Introducing the Marconi Protocol — Part 1
Shortly, our white paper will be published and we detail the technology the team has been developing over the last year. Ahead of that here is an excerpt from the white-paper introduction:
Blockchain technology has often been proposed as a solution to the problems inherent with centralized systems. Globally, the $350 billion blockchain ecosystem consists of over 1600 projects that are developing decentralized computing, storage, and a suite of applications to realize a decentralized future. But these projects all continue to build atop the same underlying network infrastructure consisting of switches and routers connected by Ethernet, a foundation which remains fragile due to three fundamental problems.
The first is that today’s network infrastructure is insecure. This is because it’s powered by Ethernet, a networking technology that has improved in terms of bandwidth but otherwise has gone relatively unchanged for the past 30 years. Ethernet was devised during an age unconcerned with privacy and security when the main focus was instead on connectivity, thus Ethernet has no encryption built into its design. This exposes raw network packets, allowing internet service providers and governments to easily monitor and surveil user activity. Unfortunately, common network security protocols operate at several layers higher up the stack (see Figure 1 and note TLS and SSL occurring at OSI layer 4 and above), while Ethernet remains insecure at layer 2. Therefore these security protocols don’t protect the entire network packet, leaving network traffic vulnerable to attacks like traffic pattern analysis and packet injection.
The second problem is that core network infrastructure is inflexible and difficult to manage. The switches, routers, and bridges that form the network are hardware driven and expensive to buy, configure, and maintain. Adding network capacity or new functionality like intrusion detection and prevention systems or load balancing typically requires installing new network appliances. Even upgrading existing equipment can cost considerable overhead since updates may require firmware changes which in some cases must be done on-site.

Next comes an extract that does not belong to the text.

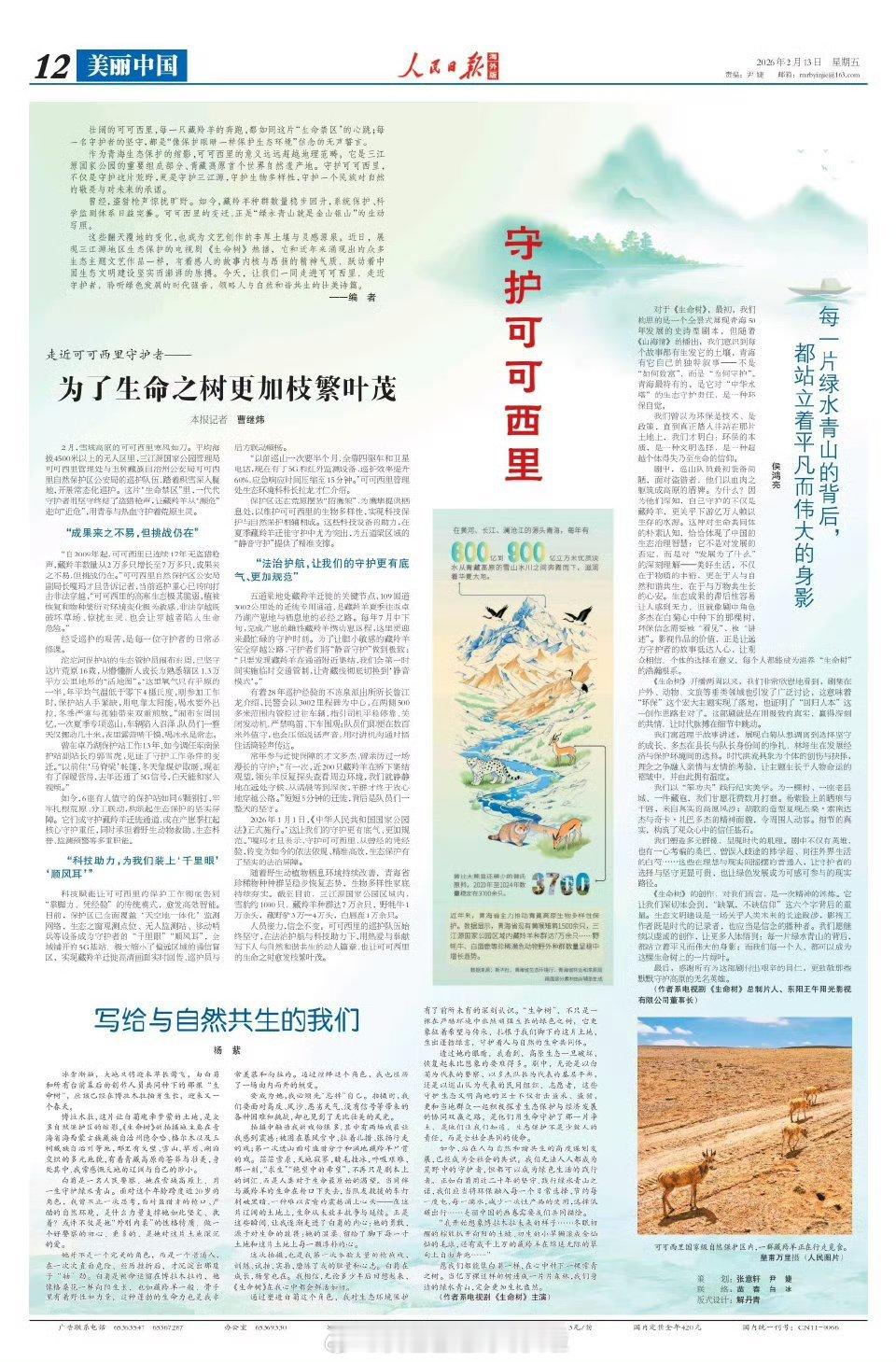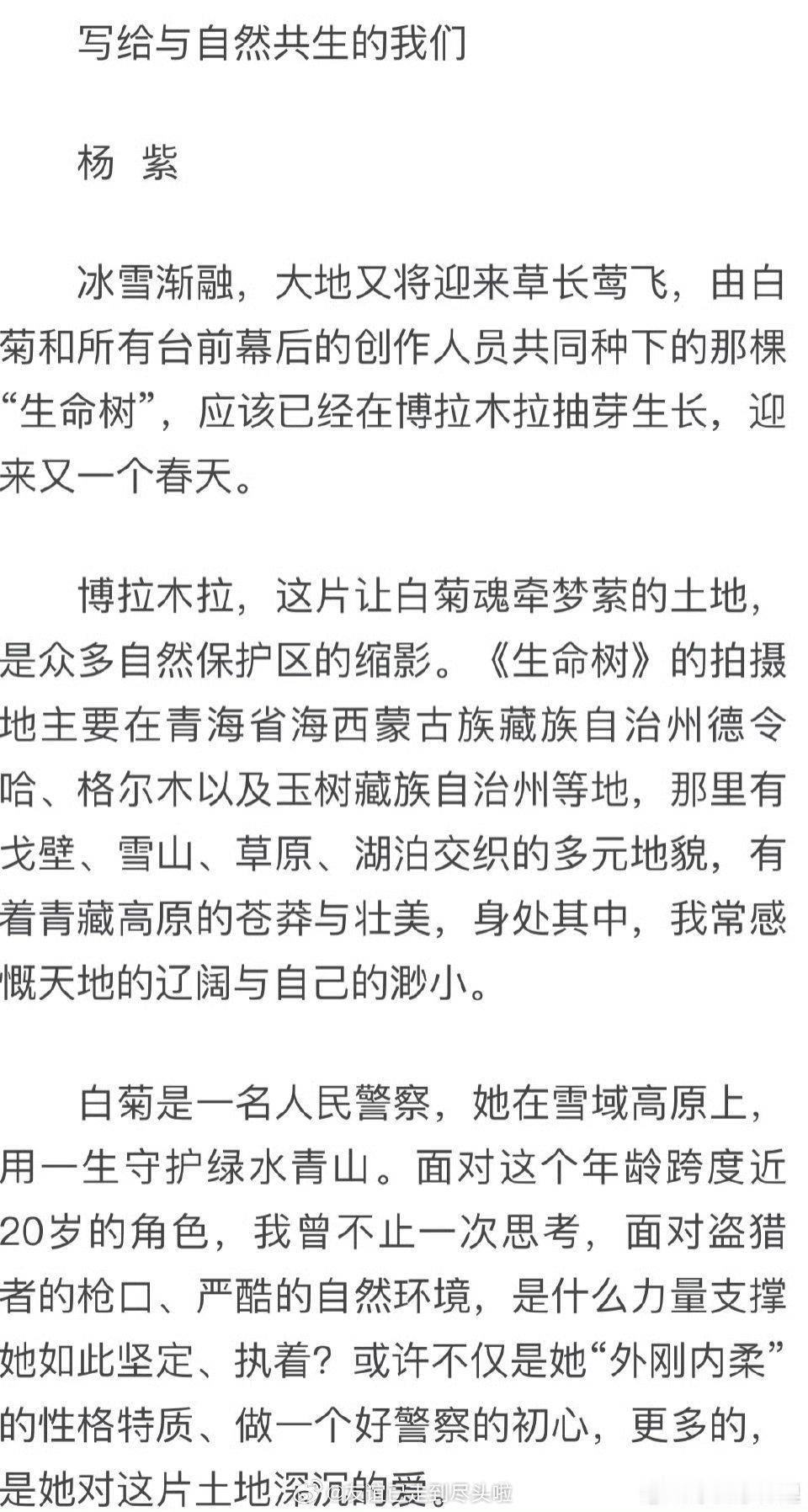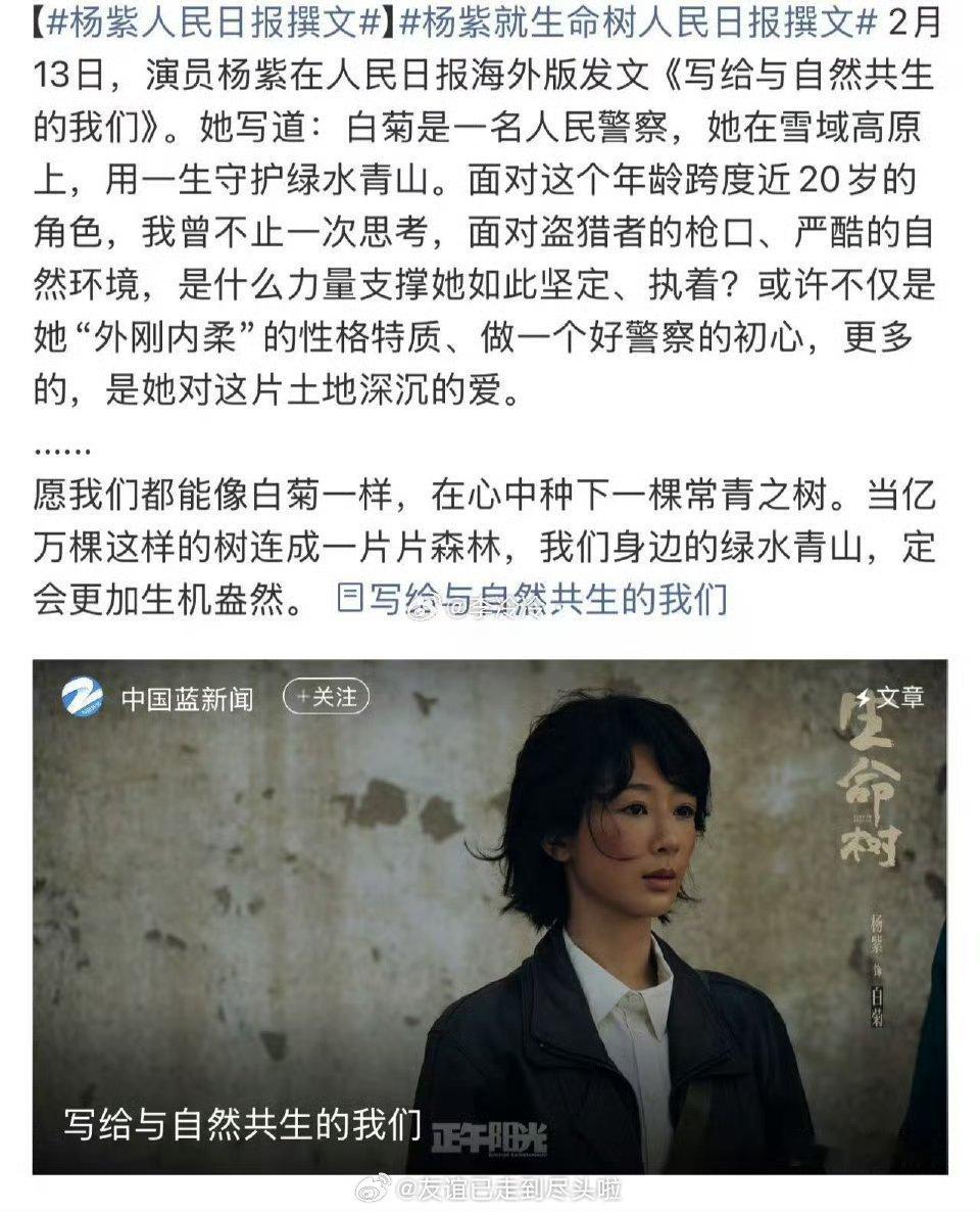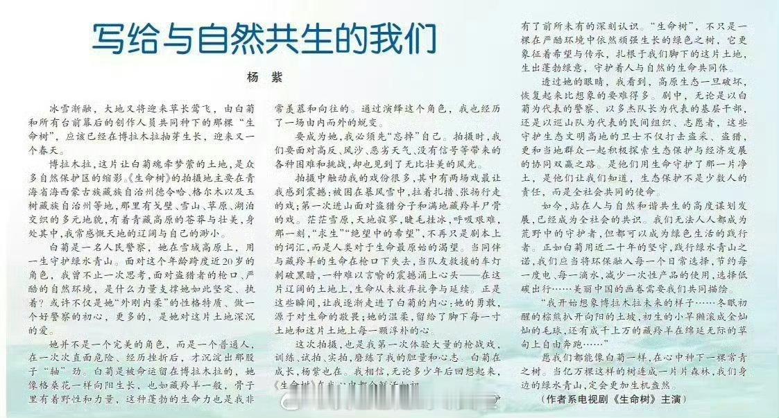 杨紫人民日报撰文杨紫在《人民日报海外版》撰文《写给与自然共生的我们》,有思想有深

The final problem is that current network infrastructure is centrally controlled. In any given region, a small number of entities — often just one or two internet service providers — serve as the gateway for all internet traffic. When the internet service provider suffers fiber cuts, equipment failure, or purposely interrupts service to perform maintenance, all users lose internet access. Businesses get hit especially hard as loss of internet can halt operations or productivity. In addition, this monopolistic control is problematic for countries that lack net neutrality now that blockchain networks have grown to considerable sizes. As of February 1, 2018, Ethereum’s blockchain data directory size is 669 gigabytes and has been growing by 416% annually. As blockchain adoption continues, blockchain traffic will likely fall under the crosshairs of internet service providers. Unfortunately, this centrally controlled infrastructure that we’ve described is the platform on which the blockchain ecosystem depends (see Figure 2), an ecosystem where new projects are constantly emerging with the goal of decentralizing the services we use every day.